*Exercise material*
——
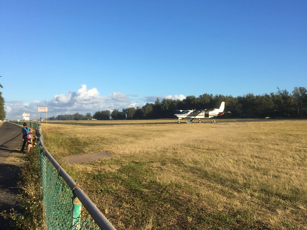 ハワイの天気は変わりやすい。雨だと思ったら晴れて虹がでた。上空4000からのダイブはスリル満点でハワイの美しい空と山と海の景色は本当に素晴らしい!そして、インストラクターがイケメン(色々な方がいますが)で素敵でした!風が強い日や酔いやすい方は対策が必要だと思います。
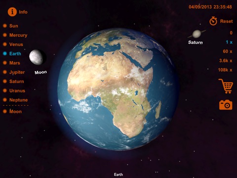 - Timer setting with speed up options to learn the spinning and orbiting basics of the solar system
——
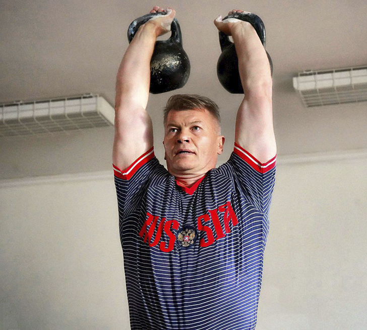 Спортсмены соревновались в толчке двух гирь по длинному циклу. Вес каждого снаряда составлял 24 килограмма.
——
*Brief*
Although pictures appear among the entries, please set down only the lines from the one with "ハワイの天気は変わりやすい。" up to and including the one with "- Timer setting", word for word.

*Expected output*
 ハワイの天気は変わりやすい。雨だと思ったら晴れて虹がでた。上空4000からのダイブはスリル満点でハワイの美しい空と山と海の景色は本当に素晴らしい!そして、インストラクターがイケメン(色々な方がいますが)で素敵でした!風が強い日や酔いやすい方は対策が必要だと思います。
 - Timer setting with speed up options to learn the spinning and orbiting basics of the solar system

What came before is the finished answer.